=== DATASET EXTRACT ===
——

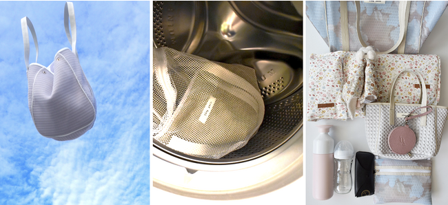 とびきりおしゃれなのに「軽くて、洗えて、大容量」。ウェットスーツと同じネオプレーン素材、透けない新メッシュ素材などを用いており、おしゃれで遊び心たっぷりなのに軽量で耐久性に優れ機能性も抜群。中には洗濯機OKのバッグもあり、手軽に洗えて、明るい色でも汚れの心配はなし。
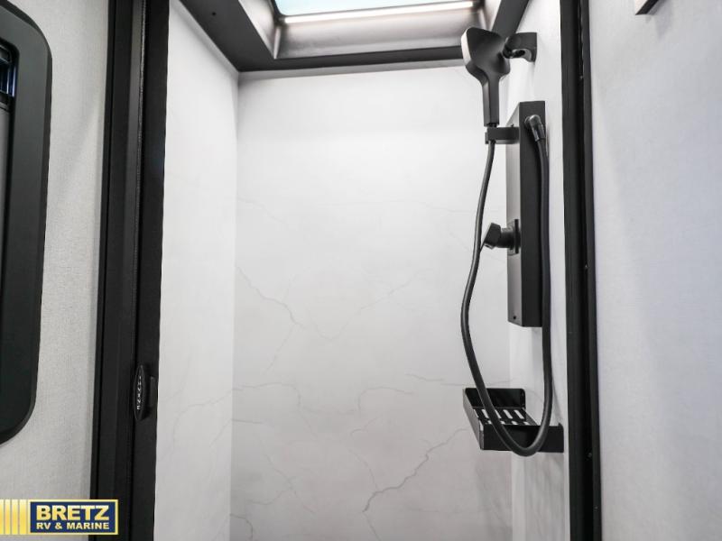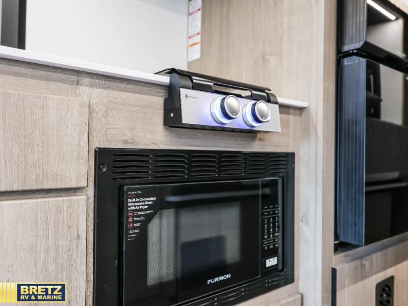 Head to your local state park or across the states in this spacious coach. Once you arrive at your destination, you can prepare a meal with the full kitchen amenities, including a cooktop, microwave oven, and a refrigerator. The power theater seating provides a place to relax, or you can choose the optional booth dinette if you need additional sleeping space. A full bath will let you clean up after a day outdoors, and the 70" x 80" king bed within the full-wall slide is sure to bring comfort. This model also includes a pantry beside the theater seats for snacks and a bedroom wardrobe to keep your clothes wrinkle-free!
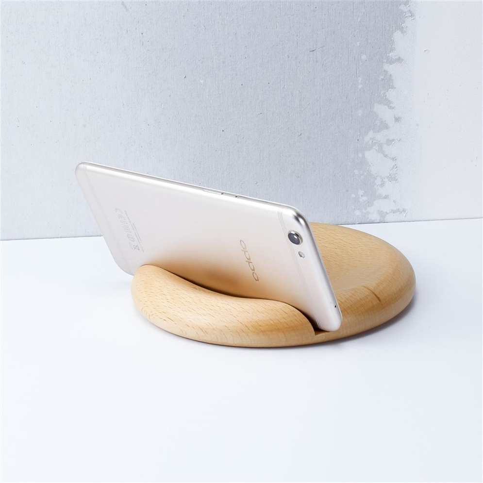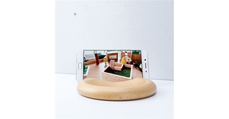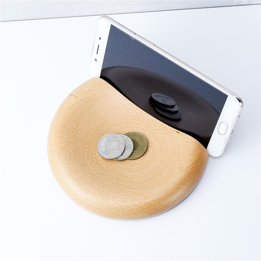 不單單是一塊實木圓,前方微凹處可放置耳機、螢幕擦拭布
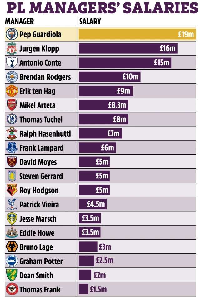 英超教练工资排行榜:瓜迪奥拉1900万英镑、克洛...曼城球迷协会2023-03-09 11:32英超教练工资排行榜:瓜迪奥拉1900万英镑、克洛普1600万英镑、孔蒂1500万英镑、波特1000万英镑、腾哈格900万英镑、阿尔特塔830万英镑……展开更多
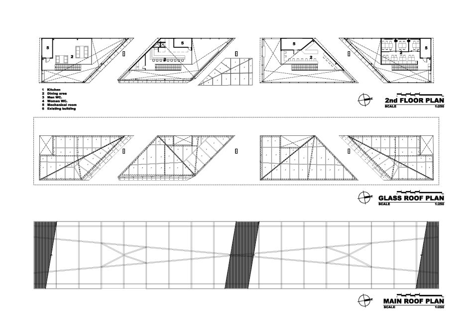 แต่สุดท้าย มีการปรับเรื่องระดับความสูงทั้งหมดของตัวอาคาร และให้ยกอาคารสูงขึ้นทั้งหมด ทำให้สิ่งที่คิดว่าจะเป็นปัญหาเรื่องต้นไม้กับหลังคาหมดไป… กลับไปที่เรื่องโครงสร้างหลังคารูปตัวเอ็กซ์ กลับกลายเป็นสิ่งที่ดี เพราะโครงหลังคาที่เป็นรูปกากบาทนั้น จะแข็งแรงกว่าแบบธรรมดาที่วิ่งตรงและตั้งฉากกัน ทีมสถาปนิกและวิศวกรจึงคงรูปแบบหลังคาแบบนี้ไว้ โดยที่ไม่ได้เว้นช่องให้ต้นไม้แล้ว
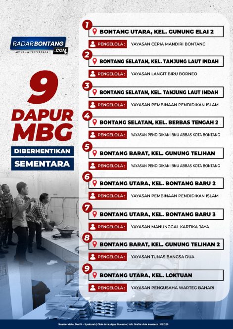 Evaluasi lapangan yang dilakukan Badan Gizi Nasional (BGN) melalui SPPG Regional Bontang menjadi titik balik penting. Dari hasil inspeksi, sembilan dapur MBG harus dihentikan sementara operasionalnya.

——

The whole listing must come back verbatim, with no pictures included.

=== ANSWER TO THIS TASK ===
 とびきりおしゃれなのに「軽くて、洗えて、大容量」。ウェットスーツと同じネオプレーン素材、透けない新メッシュ素材などを用いており、おしゃれで遊び心たっぷりなのに軽量で耐久性に優れ機能性も抜群。中には洗濯機OKのバッグもあり、手軽に洗えて、明るい色でも汚れの心配はなし。
 Head to your local state park or across the states in this spacious coach. Once you arrive at your destination, you can prepare a meal with the full kitchen amenities, including a cooktop, microwave oven, and a refrigerator. The power theater seating provides a place to relax, or you can choose the optional booth dinette if you need additional sleeping space. A full bath will let you clean up after a day outdoors, and the 70" x 80" king bed within the full-wall slide is sure to bring comfort. This model also includes a pantry beside the theater seats for snacks and a bedroom wardrobe to keep your clothes wrinkle-free!
 不單單是一塊實木圓,前方微凹處可放置耳機、螢幕擦拭布
 英超教练工资排行榜:瓜迪奥拉1900万英镑、克洛...曼城球迷协会2023-03-09 11:32英超教练工资排行榜:瓜迪奥拉1900万英镑、克洛普1600万英镑、孔蒂1500万英镑、波特1000万英镑、腾哈格900万英镑、阿尔特塔830万英镑……展开更多
 แต่สุดท้าย มีการปรับเรื่องระดับความสูงทั้งหมดของตัวอาคาร และให้ยกอาคารสูงขึ้นทั้งหมด ทำให้สิ่งที่คิดว่าจะเป็นปัญหาเรื่องต้นไม้กับหลังคาหมดไป… กลับไปที่เรื่องโครงสร้างหลังคารูปตัวเอ็กซ์ กลับกลายเป็นสิ่งที่ดี เพราะโครงหลังคาที่เป็นรูปกากบาทนั้น จะแข็งแรงกว่าแบบธรรมดาที่วิ่งตรงและตั้งฉากกัน ทีมสถาปนิกและวิศวกรจึงคงรูปแบบหลังคาแบบนี้ไว้ โดยที่ไม่ได้เว้นช่องให้ต้นไม้แล้ว
 Evaluasi lapangan yang dilakukan Badan Gizi Nasional (BGN) melalui SPPG Regional Bontang menjadi titik balik penting. Dari hasil inspeksi, sembilan dapur MBG harus dihentikan sementara operasionalnya.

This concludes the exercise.